» **TASK OBJECTIVE**:
Please repeat, exactly as they stand, the line containing "AI has become" and the lines after it through the final line of the listing below, minus pictures.

» **DATA FOR PROCESSING**:

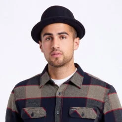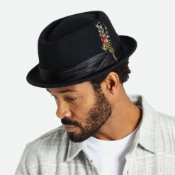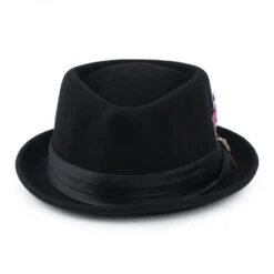 The Brixton Stout in black is an exceedingly cool diamond crown pork pie. The hat has a three pleat satin hat band and comes complete with Brixton pin and removable feather on the side. The crown is 10cm (3 3/4 inches) high and the brim is a stingy 3.5cm (1 5/8 inches) wide. The cotton sweatband comes with an adjustable hook and loop strap for a perfect fit. The wool used to make this hat is cruelty free certified by the RWS, a voluntary standard that addresses the welfare of sheep and the land on which they graze.
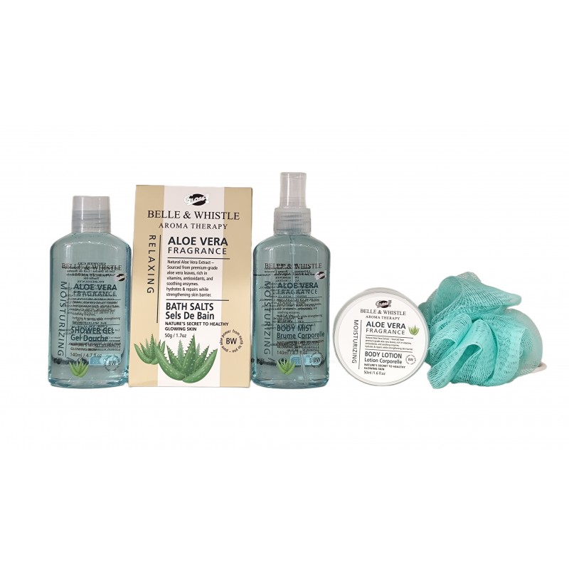 140ml gel douche, 140ml brume corporelle, 50ml lotion corporelle, 50g sels de bain, 1 fleur de massage.
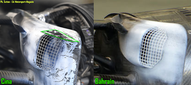 2) in Cina, al terzo appuntamento stagionale, sono state mantenute le prese d'aria in versione maggiorata ma c'è stata l'introduzione di un piccolo profilo utile a generare vorticità, gestita poi dal secondo profilo, curvo.
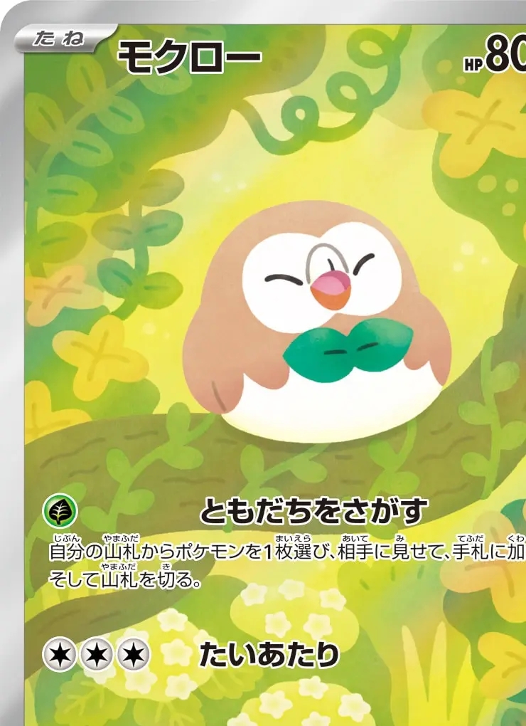| 【ワザ】 [草] ともだちをさがす 自分の山札からポケモンを1枚選び、相手に見せて、手札に加える。そして山札を切る。 [無][無][無] たいあたり 30 | ||
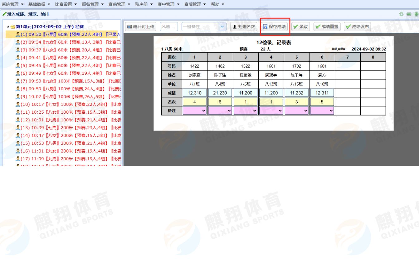 通过电计软件获取每个运动员比赛成绩,发送至编排系统。收到成绩后,点击【保存成绩】。
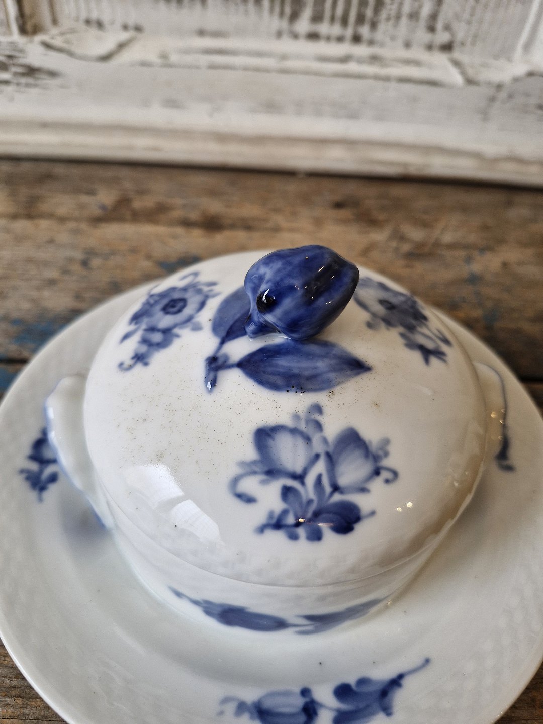 Royal Copenhagen Flettet Blå Blomst smørskål på fast underfad no. 8076
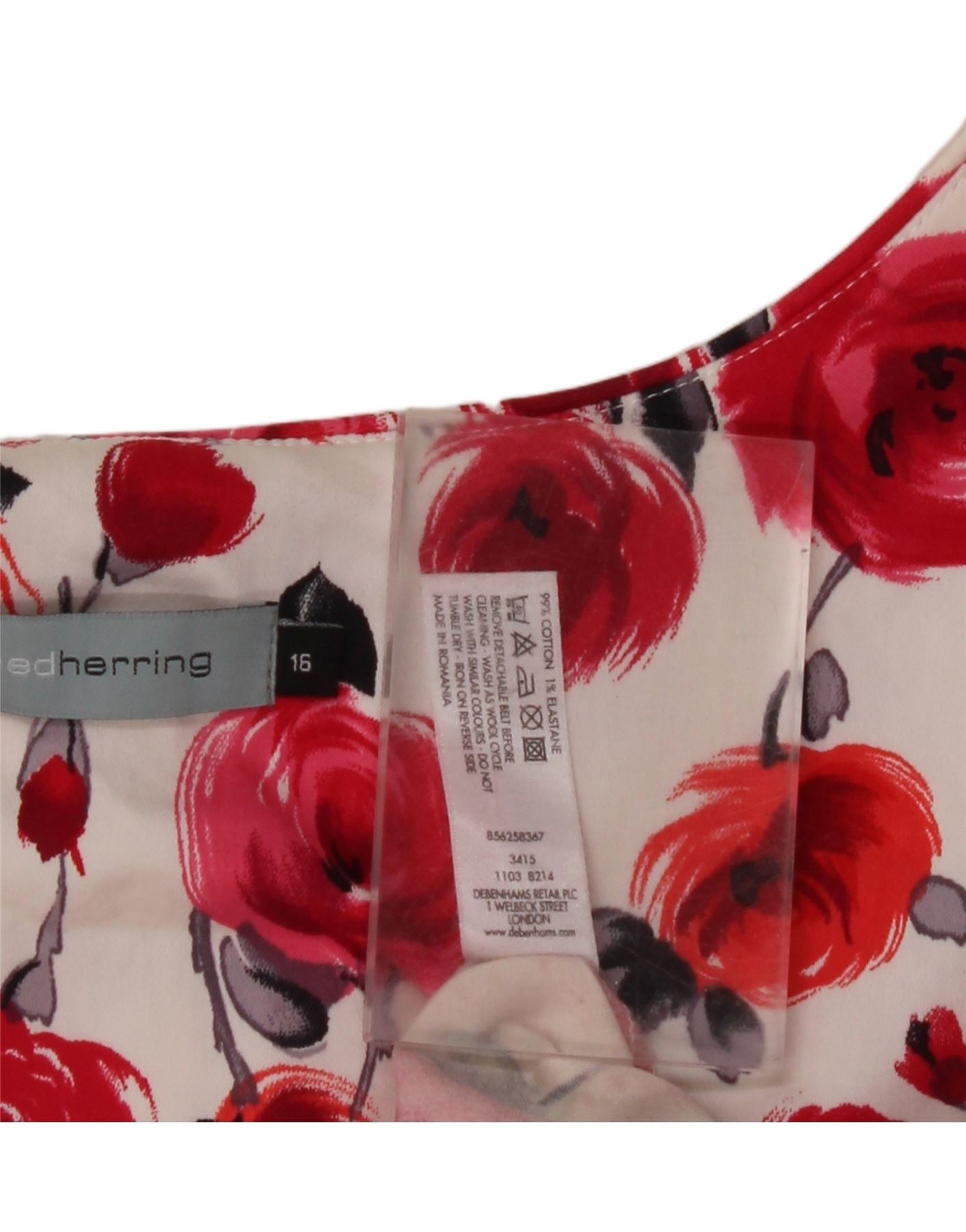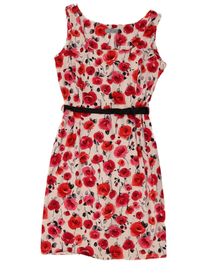RED HERRING Womens Sleeveless Sheath Dress UK 16 Large Red Floral Cotton
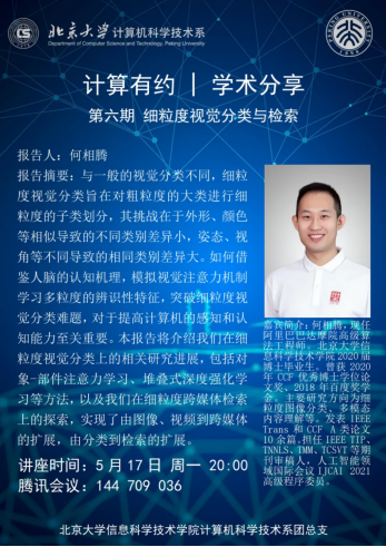 何相腾,现任阿里巴巴达摩院高级算法工程师。威廉希尔体育信息科学技术公司2020届博士毕业生。2020年CCF优秀博士学位论文奖、2018年百度奖学金获得者。主要研究方向为细粒度图像分类、多模态内容理解等,发表IEEE Trans和CCF A类论文10余篇。连续三年参加由美国国家标准技术局举办的国际评测TRECVID视频样例搜索比赛,均获第一名。担任IEEE TIP、TNNLS、TMM、TCSVT等期刊审稿人,人工智能领域国际会议IJCAI 2021高级程序委员。
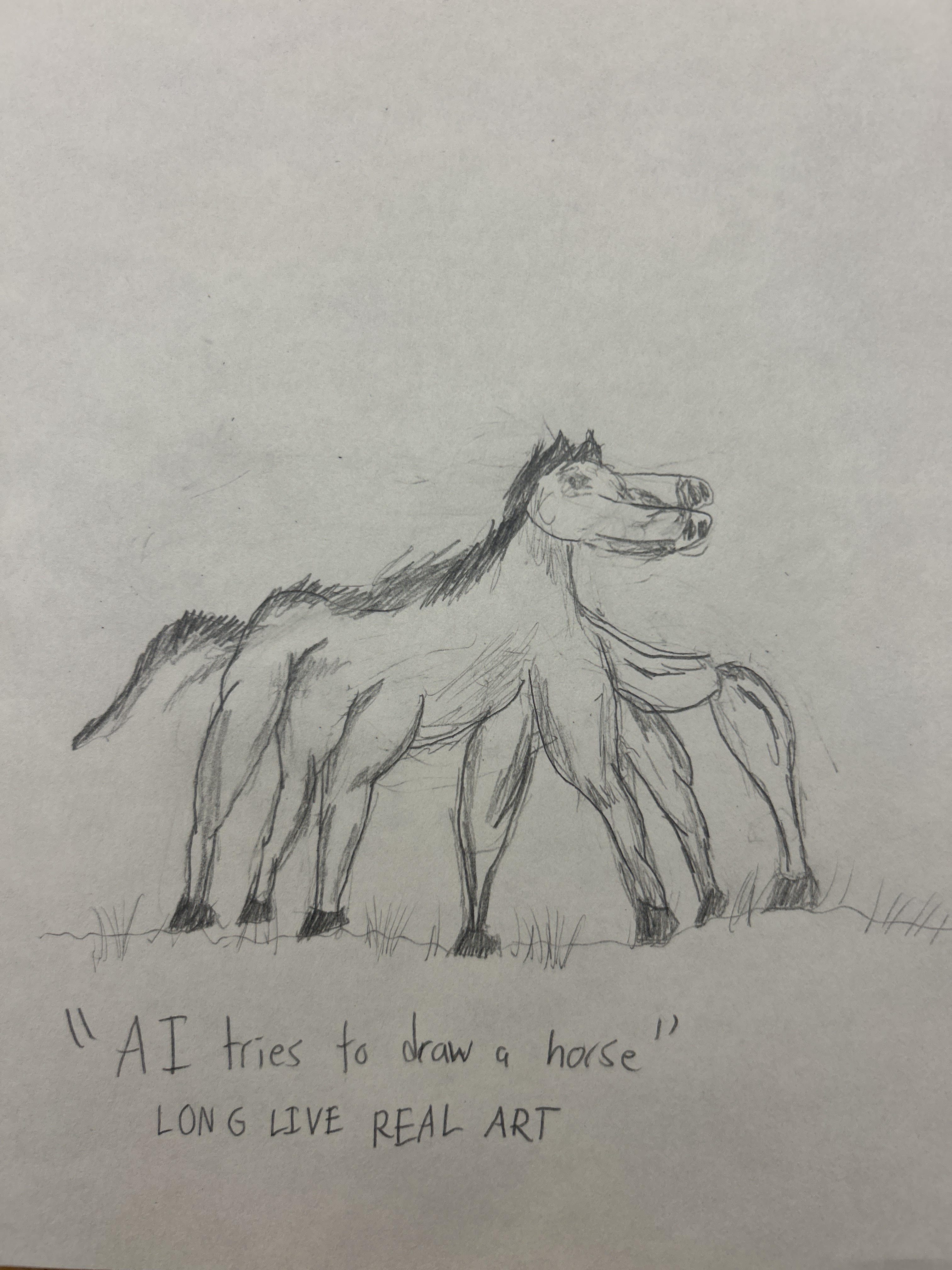 AI has become more and more prevalent in this modern day, while not inherently a bad thing as AI has many uses that can benefit the general public, not everyone uses it for the good of others. The poor use of AI is especially abundant in artist circles as their livelihoods and hobbies are replaced with a stolen product. As technology advances it gets harder and harder for those not in these circles to determine if a product is AI generated or not. Sometimes, even if the poster is forthcoming with their use of AI, the general public doesn’t care. This apathy only leads to more use of generators and more new artists questioning weather its worth pursuing art at all. Even if art holds no place in your life and reading is a chore, ask yourself: Would you rather have a homemade cake from someone who truly loves their craft or a cheap, stolen imitation?
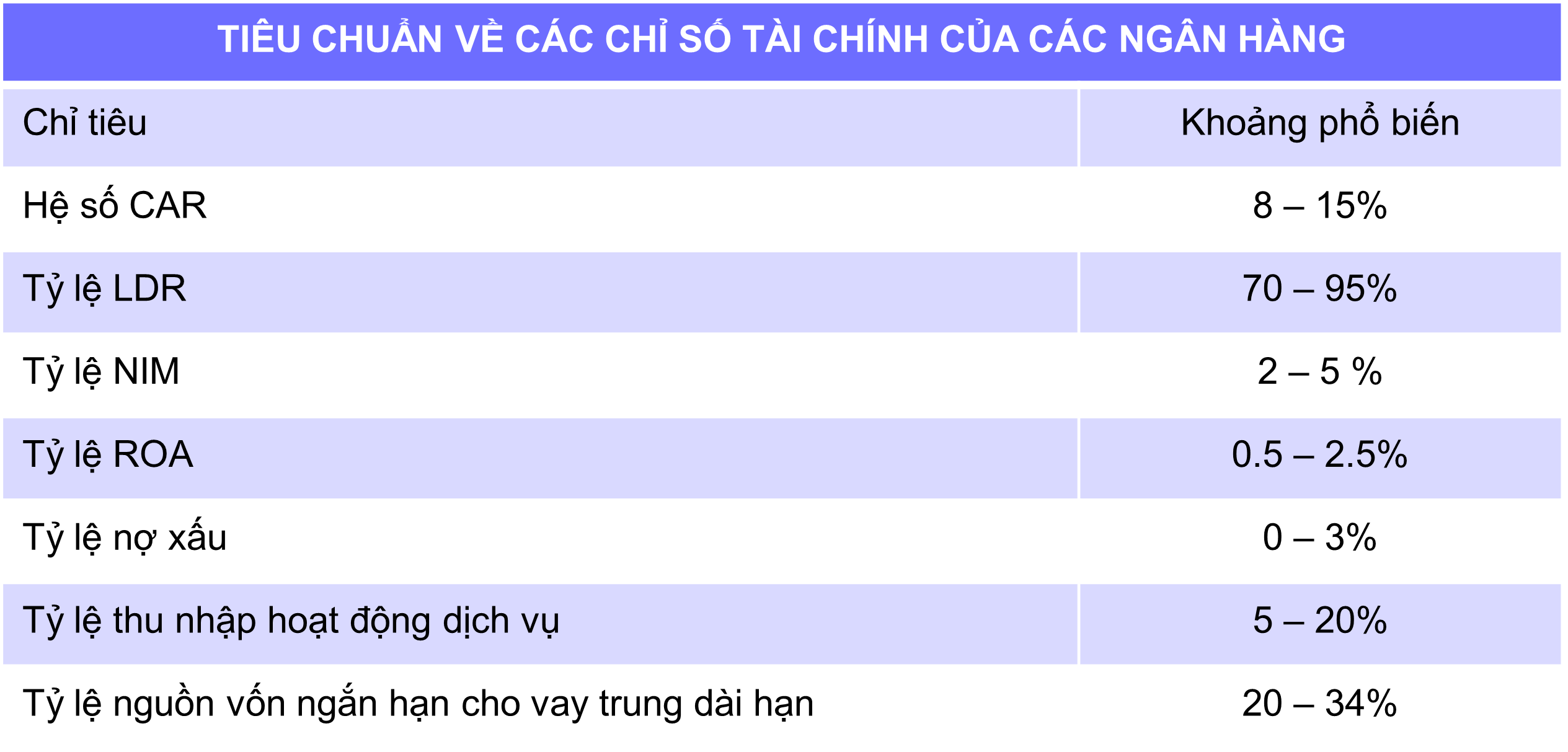 Bảng bên dưới sẽ thể hiện các chỉ số tài chính đặc thù của ngành ngân hàng:

» **ANSWER FOR THE TASK**:
 AI has become more and more prevalent in this modern day, while not inherently a bad thing as AI has many uses that can benefit the general public, not everyone uses it for the good of others. The poor use of AI is especially abundant in artist circles as their livelihoods and hobbies are replaced with a stolen product. As technology advances it gets harder and harder for those not in these circles to determine if a product is AI generated or not. Sometimes, even if the poster is forthcoming with their use of AI, the general public doesn’t care. This apathy only leads to more use of generators and more new artists questioning weather its worth pursuing art at all. Even if art holds no place in your life and reading is a chore, ask yourself: Would you rather have a homemade cake from someone who truly loves their craft or a cheap, stolen imitation?
 Bảng bên dưới sẽ thể hiện các chỉ số tài chính đặc thù của ngành ngân hàng:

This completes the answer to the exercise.